Опубликовано в журнале Звезда, номер 11, 2015
* * *
Мертвый лед, опороченный плеткой ненастья,
закричит, передернется мерой Доре,
занавесится патиной птичьего счастья.
И гнездо недоноска на верткой горе
Баратынского кляксой скользнет по строке.
Заведи на меня с ежедневника птипсихиатра
разведенного вторника смирную ветвь,
чтобы в сердце кольнула ижорская мантра,
чтобы стычка минут заскучала и вкривь
прошипел огород-огуречная кровь.
Что за гадство в моем обреченном бокале?
Спит ли клейкий червяк из карельских болот?
Или нимфы Елабуги рифму взалкали,
собирая колечки работных бород?..
Кто тебя не пускает по списку в расход?
Ты сберег мой заклад, быстролицый певун.
Выполз день из норы, и нахохлилась немочь.

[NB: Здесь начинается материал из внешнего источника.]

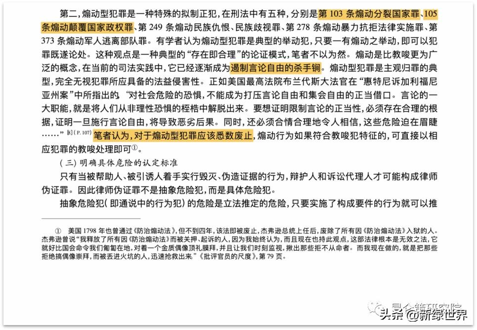 我在之前的文章《罗翔的变脸和“大法党”的操守》里提到罗翔一直鼓吹废除寻衅滋事罪,其实他要废的中国刑法远远不止这一条。罗翔在2013年《政法论坛》第3期上发表的文章《刑法第306条辨正》还主张废除包括《刑法》第103条“煽动分裂国家罪”和第105条“煽动颠覆国家政权罪”在内的所有的“煽动型犯罪”,理由是他认为这些罪是“遏制言论自由的杀手锏”。
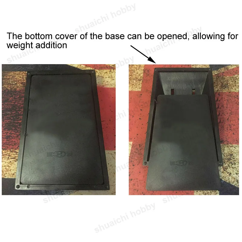 - The removable bottom cover of the base allows for weight addition to enhance stability during display.
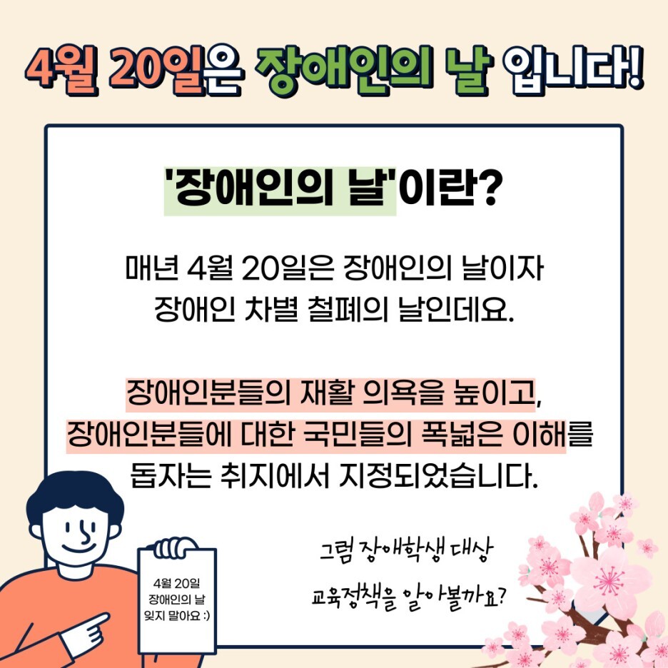 매년 4월 20일 장애인의 날 역시 기억해 주시고, 교육부 정책이 올해와는 또 어떤 점이 달라졌을지 기대하며 많은 관심 부탁드립니다!
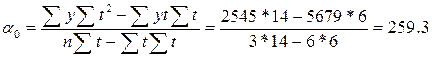 а1 = 294,5 Значение параметров подставим в уравнение прямой линии:
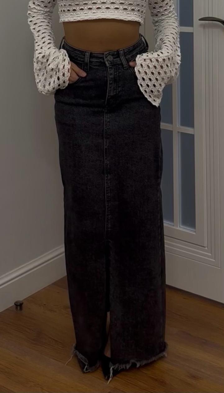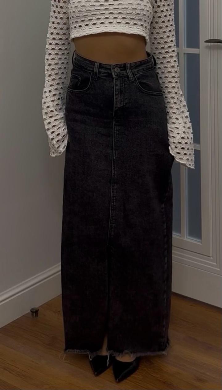 Стильная джинсовая юбка миди в трендовом тёмно-сером оттенке с вырезом спереди 🖤 Плотный деним хорошо держит форму, при этом комфортен для повседневной носки. Прямой крой визуально вытягивает силуэт, а разрез спереди добавляет лёгкости и женственности. Отлично сочетается с топами, рубашками и базовыми футболками — универсальная вещь на лето и межсезонье. Артикул: 543009
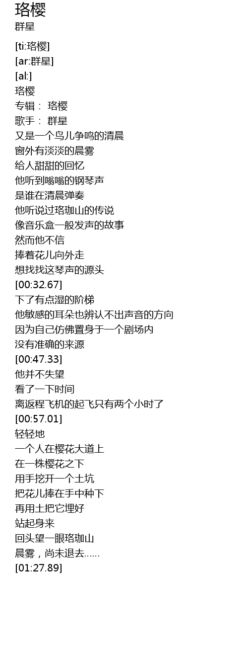 | [00:04.65] | 又是一个鸟儿争鸣的清晨 |
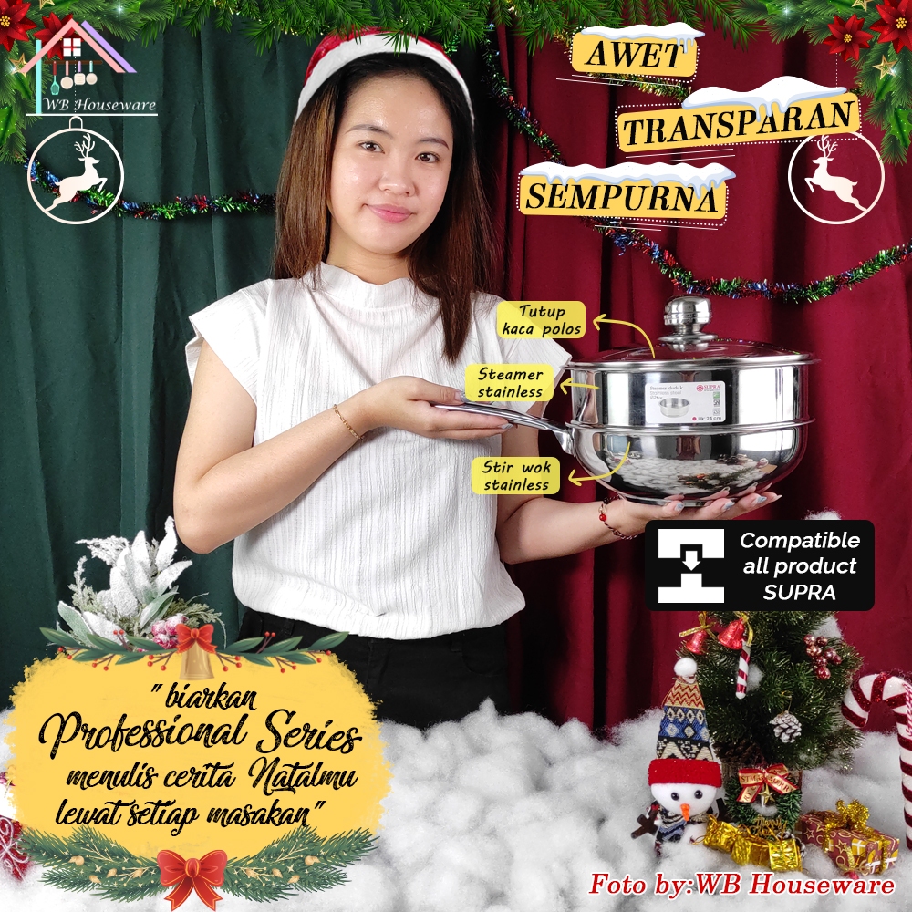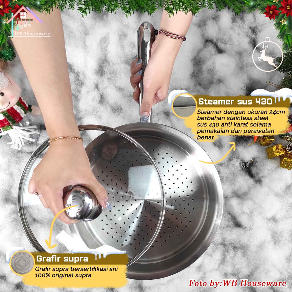 SUPRA Panci stir wok set 24cm + steamer + tutup kaca viliron stainless steel SUS 304 professional chef series / penggore
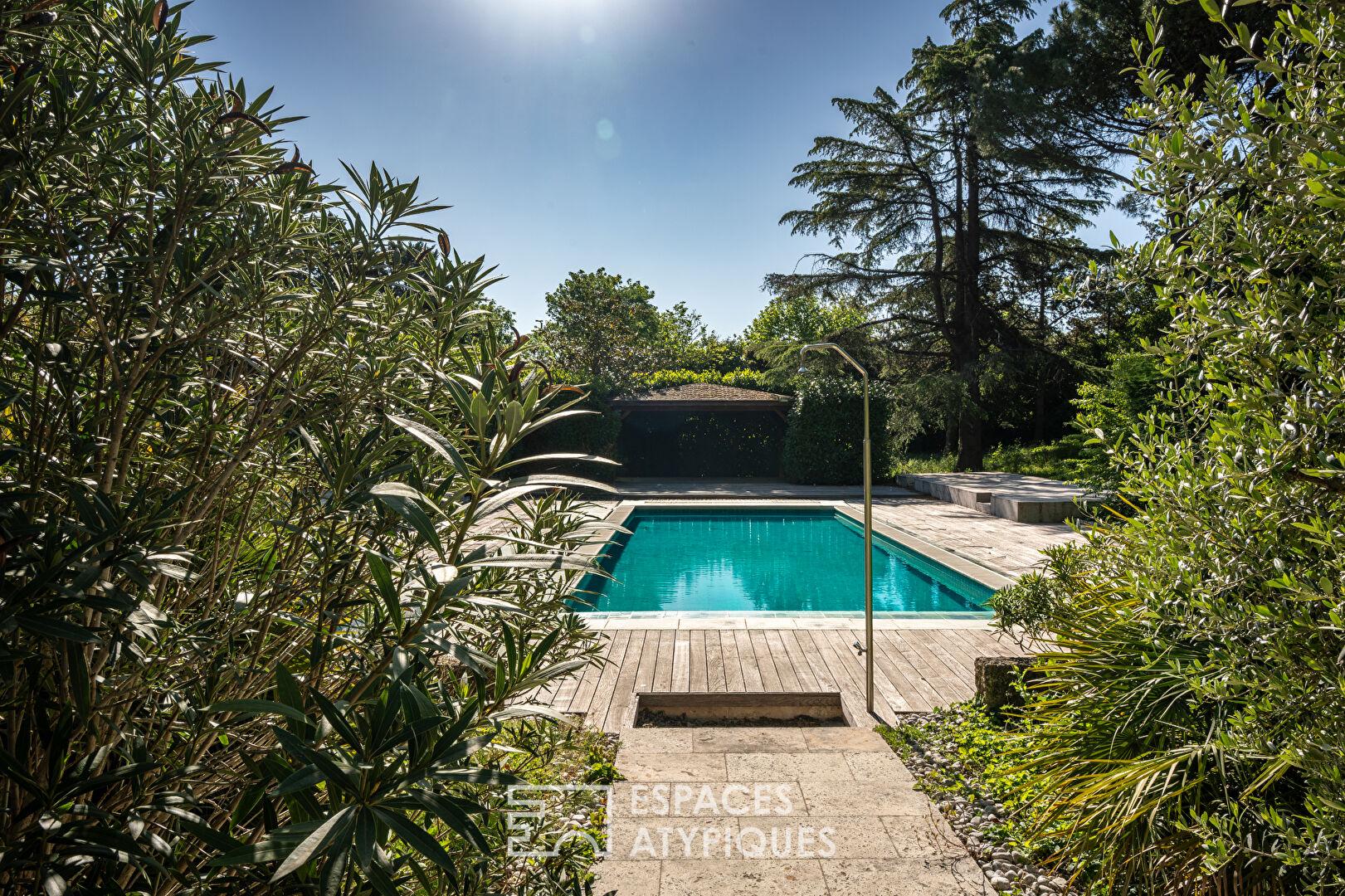 À l’extérieur, le parc paysager invite à la déconnexion avec ses majestueux arbres centenaires, ses terrasses ombragées et sa piscine principale propice à la détente. Un terrain de tennis ainsi qu’un court couvert viennent enrichir les prestations, esquissant déjà un art de vivre tourné vers le bien-être et les loisirs. Un parking est aussi disponible. L’environnement, à la fois calme et accessible, bénéficie de la proximité immédiate de Valence et des grands axes autoroutiers ou ferroviaires.
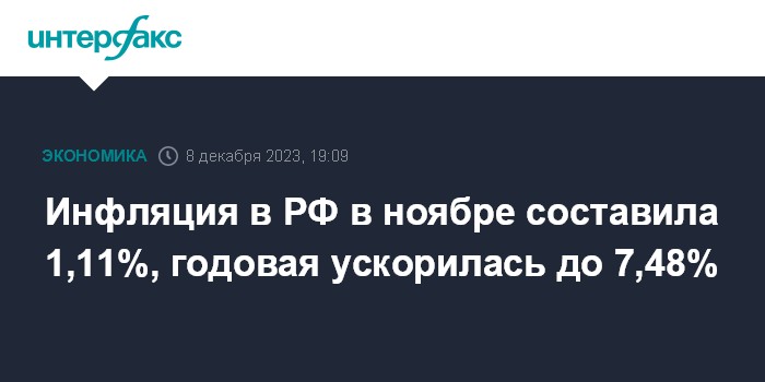 Годовая инфляция, по данным Росстата, в ноябре 2023 года ускорилась до 7,48% (аналитики ожидали около 7,6%) с 6,69% на конец октября, 6,00% на конец сентября, 5,15% на конец августа, 4,30% на конец июля, 3,25% на конец июня, 2,51% на конец мая, 2,31% на конец апреля, 3,51% на конец марта после 10,99% на конец февраля, 11,77% на конец января и 11,94% на конец декабря 2022 года.
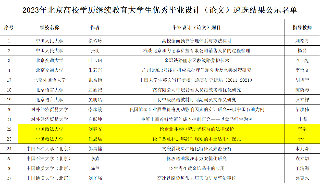 近日,北京市教育委员会公布2023年北京高校学历继续教育大学生优秀毕业设计(论文)评选结果,我院选报的两篇毕业论文均入选优秀论文名单。这两篇论文分别是:刘春安同学的《论企业并购中劳动者权益的法律保护》(民商经济法学院李娟老师指导)和任思远同学的《论“恶意补足年龄”规则的本土适用性探究》(刑事司法学院于冲老师指导)。
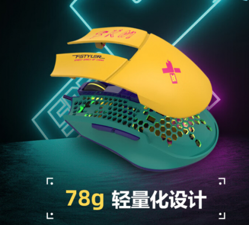 这款鼠标的主体颜色为四位导师战队的代表色,并以导师战队王一博 “一波王炸”、韩庚 “态度大师”、李承铉 “幸运派对”、刘雨昕“全昕势力”名称命名。鼠标上盖特别设计有战队名称,酷炫十足,让这款鼠标光是在外观就自带街舞潮玩buff加成!同时,这款鼠标的体量也像舞蹈般轻盈灵活,采用了轻量化设计,让重量仅仅78g,而且鼠标线身及脚垫部位也进行了移动阻力之改良,轻量化设计使鼠身握感轻灵,移动灵顺降低手部疲劳。
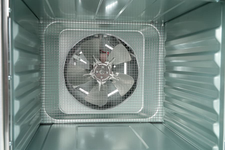 Внутри прибора массивный металлический вентилятор, защищенный решеткой, сбоку 6 направляющих для поддонов. Расстояние между поддонами не регулируется и составляет 3,6 см. Нет никаких лишних элементов и непродуманных крепежей — все устроено для максимально удобного ухода за устройством.
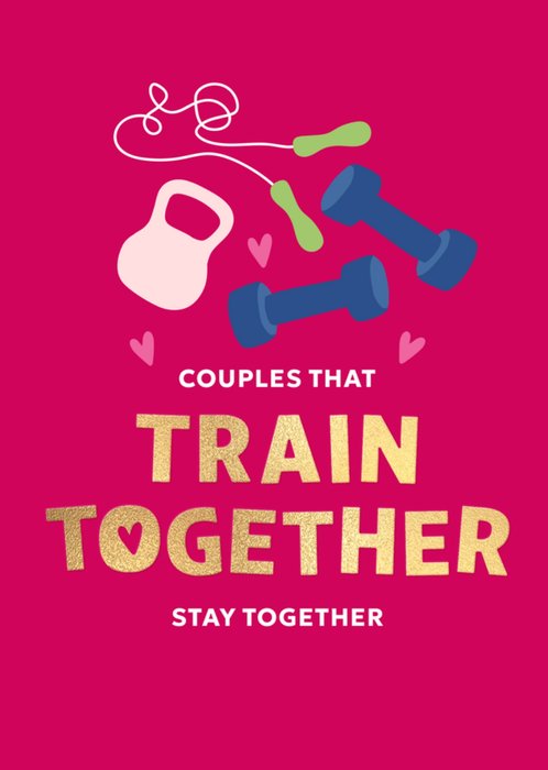 Featuring illustrations of a kettlebell, skipping rope, and two dumbbells with small hearts and bold gold glitter effect typography on a bright pink background.
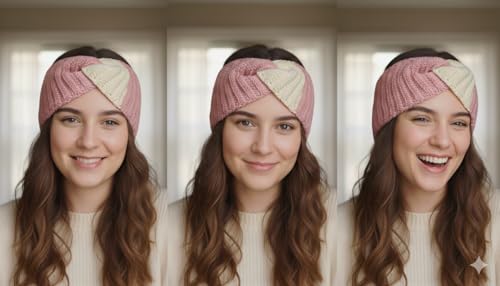 Generic - MySouqEg - Store - (1 pcs) Hand-Knitted Twist Ear Warmer Headband – Soft & Breathable Winter Accessory for Women 22 cm (Length) x 9 cm (Width) (Pink)
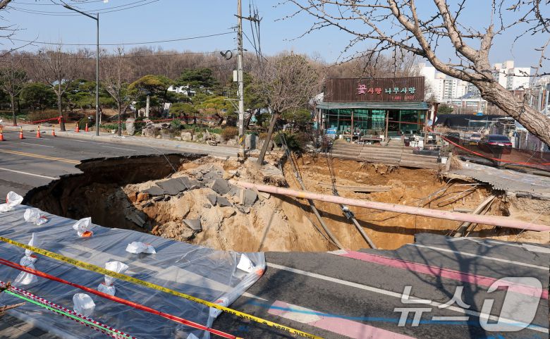 서울 강동구 명일동 대명초등학교 인근 사거리에 발생한 싱크홀(땅 꺼짐) 사고 현장 모습. 2025.3.31/뉴스1 ⓒ News1 김성진 기자 |
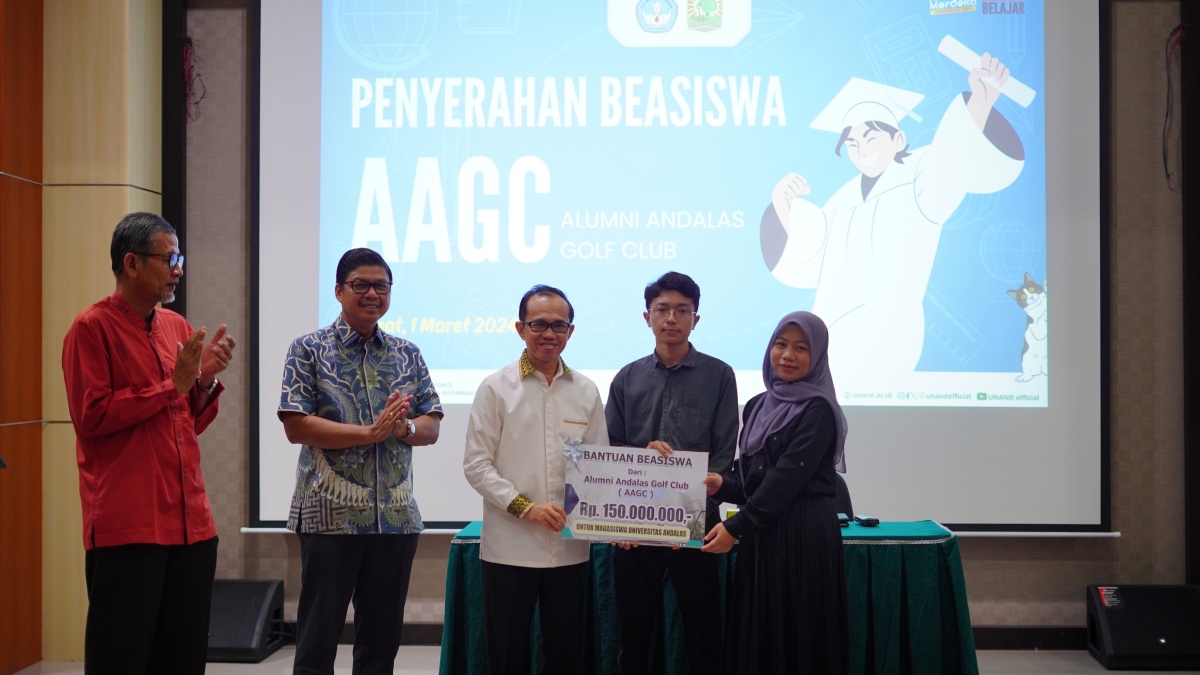 Langgam.id – Universitas Andalas (Unand) menerima beasiswa senilai Rp200 juta dari Alumni Andalas Golf Club (AAGC) dan Komunitas Askrida dalam rangka meningkatkan kesejahteraan mahasiswanya.
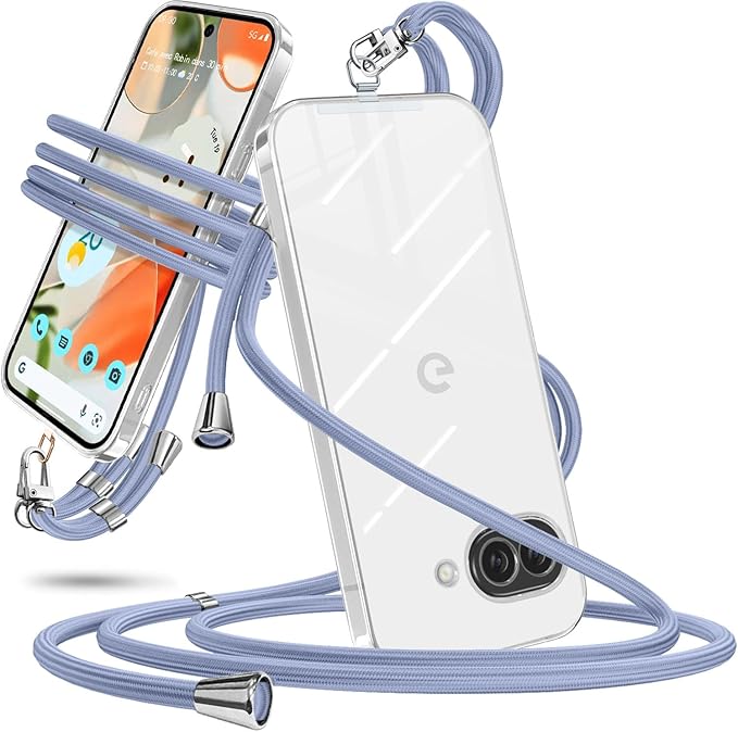 Google Pixel 9A ケース クリア ショルダー ピクセル9a スマホケース カバー 肩掛け 斜めかけ 縄掛けケース 耐衝撃 全透明 TPU 薄型 紐付き 斜めがけ 織りストラップ付き ネックストラップ 長さ調整可能 取り外し可能 落下防止 紛失防止 ワイヤレス充電対(クリア)

На кошелке врача при побеге в Неву
заиграл цианид. И навьючено небо
щучьей похотью Немо.
* * *
Голос уходит,
брыкается, треплет глагол.
Трубка пастушья
маячит на привязи мая,
на косогоре семейном
шипцами прохлады играя,
гусениц клея,
вгоняя в законченный ствол.
Сколько годин
здесь сшибается в черном узоре.
Дремлет сырым соловьем
невозможный четверг.
Ты не заметишь
коронки подопытной сверк
в гадких шагах
на прицеле Балтийского моря.
* * *
Гори на дне тетради жесткий луч,
как взбрык вулкана, береди когтями
два строя сосен и скамью с гостями.
Тебе я пожелал воздуть сургуч
и запечатать труд весны ворчливой.
Не то вспорхнет сонет мой боязливый,
крылом повеет милосердный ключ
по клавишам гуляющий чванливым,
ухабы зала с трепетом сонливым
осеменив ноктюрном римских кущ.
* * *
Надоила
и сумерки спрыснула льдом.
Стрекотала,
соленьями дол озаряя.
Распогодило для
и хлопушками рая
раскрестило коровник
за вязким окном.
Разметало голубу
в сократовом сне,
я за ним записал
на скворешне погожей,
что его Цинциннат,
рифму сглазивший вне,
раздавал кислород
пузырьками прохожих.
* * *
Не березы открытый сосуд
расплескался записками ночи.
Голубиная паства порочит,
призывая на утренний суд.
Ужас камня и лед голубей
так близки, что не тронуть ответом.
Завивается скользкое лето
на хвосте у Каштанки твоей.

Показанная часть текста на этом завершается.